Photo via @PickSixPreviews Twitter.

Two nights ago at 6PM EST, college sports coverage entered into a new era with the arrival of the SEC Network. The SEC Network will take the most storied conference in college sports and turn it into a 24-hour channel that will air 160 basketball games, 40 volleyball games, 45 football games, 50 softball games, 75 baseball games, and 25 women’s soccer games as well as original content ranging from talk shows to Hard Knocks-esque documentaries.

But one sport that is blatantly absent on the SEC Network and in the SEC is men’s soccer.

Just two teams in the SEC boast NCAA Men’s Soccer teams, the Kentucky Wildcats and South Carolina Gamecocks, who both play in Conference USA due to the lack of in-conference teams.

One of the reasons that SEC schools do not have men’s teams is because, under Title IX, a school must offer two more women’s sports teams than men’s sports teams. However, increased revenue generated by the SEC Network could give schools the ability to add another women’s sport and subsequently add men’s soccer. The number of sports a school offer has more to do with revenue then it does with what is demanded by fans.

However, a major misconception and obstacle in the addition of men’s college soccer in the SEC stems from this train of thought – that the Southeastern United States, and, more importantly, the SEC wouldn’t support collegiate men’s soccer teams.

That statement couldn’t be further from the truth, and all you have to do is look at the rise of soccer across the country and, specifically, in the South.

Major League Soccer averages higher fan attendance numbers than both the NBA and NHL. Let me repeat that.
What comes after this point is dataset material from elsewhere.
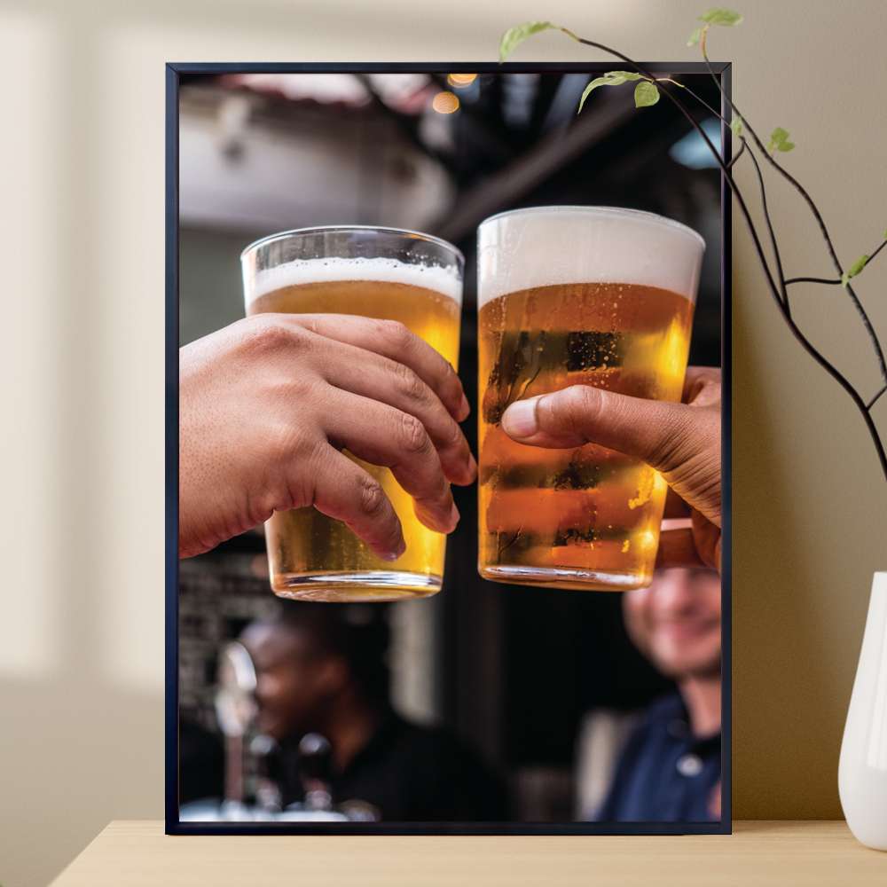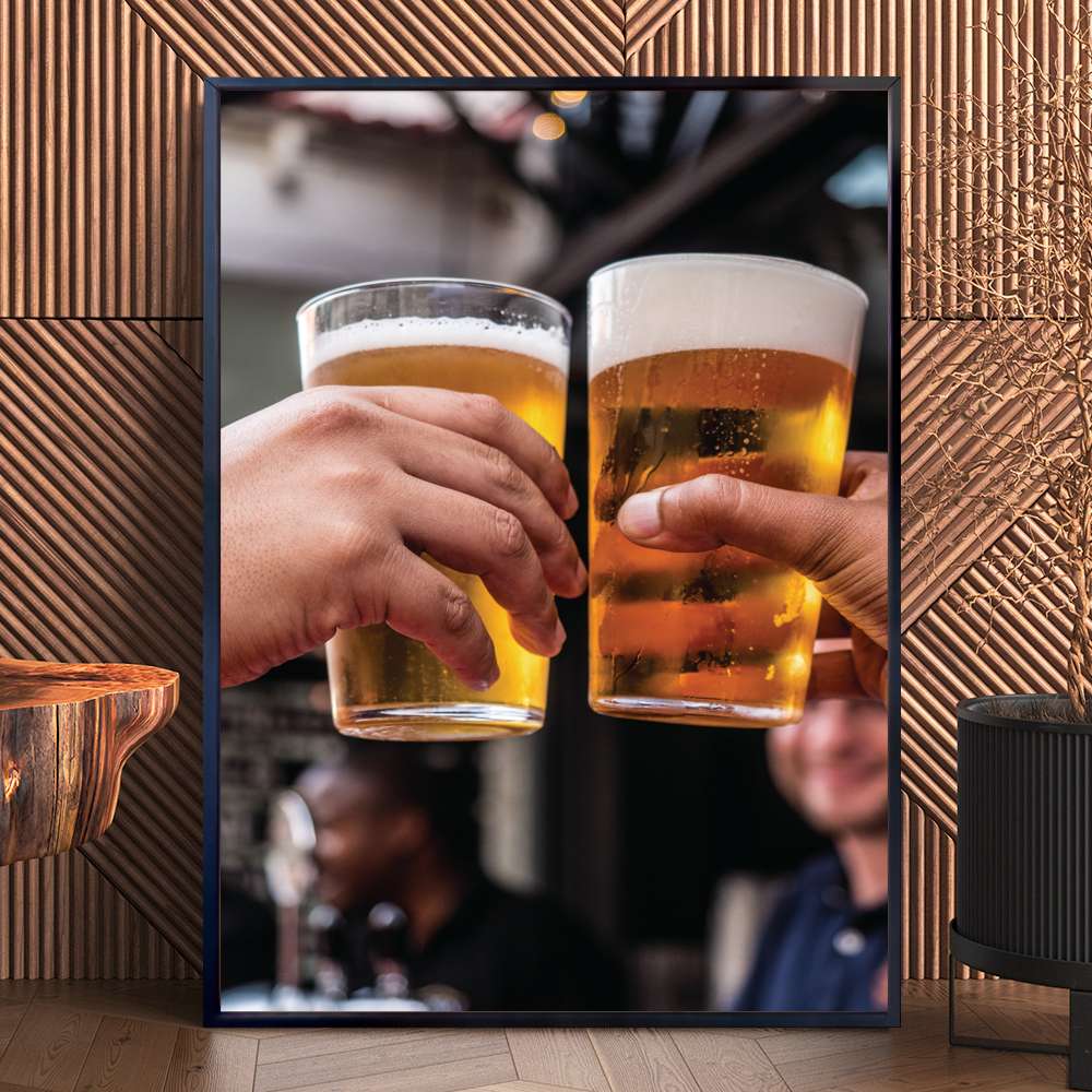 Celebre os momentos especiais com o Quadro Decorativo Brinde Com Copos De Cerveja. Esta peça criativa e descontraída é perfeita para decorar sua área de lazer, cozinha ou até mesmo seu próprio negócio. A tradição de brindar com copos de cerveja, simbolizando união e alegria, é capturada nessa imagem, transmitindo uma sensação de camaradagem e felicidade. Adicione um toque de festividade e acolhimento ao seu ambiente com este quadro único.

Major League Soccer averages higher fan attendance numbers than both the NBA and NHL. That’s not an opinion that soccer is on the rise; that is a statistical fact.

MLS continues to sign ground-breaking television deals with NBCSports and ESPN and is finally re-expanding into the Southeast with future MLS franchises like Orlando City SC (2015), Atlanta FC (2017), and Miami (Pending).

Look even closer at teams like fourth-division NPSL side Chattanooga FC, who average over 2200 fans a game and brought in 8878 fans – higher attendance than the average for all but the top four minor league baseball teams, all but the top six Arena Football League teams, and higher than the average attendance for every team in the NBA D-League – for a fourth-division semi-final game. Chattanooga lost in the NPSL final to the New York Red Bulls U-23.

But soccer teams aren’t just spread out over the south randomly; several are near major SEC schools.

Sporting Kansas City (MLS), as well as several other Kansas City and St. Louis based lower-division teams, are just under two hours from the University of Missouri. The Houston Dynamo (MLS) is around an hour and a half from Texas A&M University; FC Dallas (MLS) is just over two and a half hours away from the Aggies. Florida is a hotbed for high-attendance boasting, lower-division soccer teams like the Tampa Bay Rowdies and Fort Lauderdale Strikers, but Orlando SC (MLS) is approximately an hour and half away from the University of Florida.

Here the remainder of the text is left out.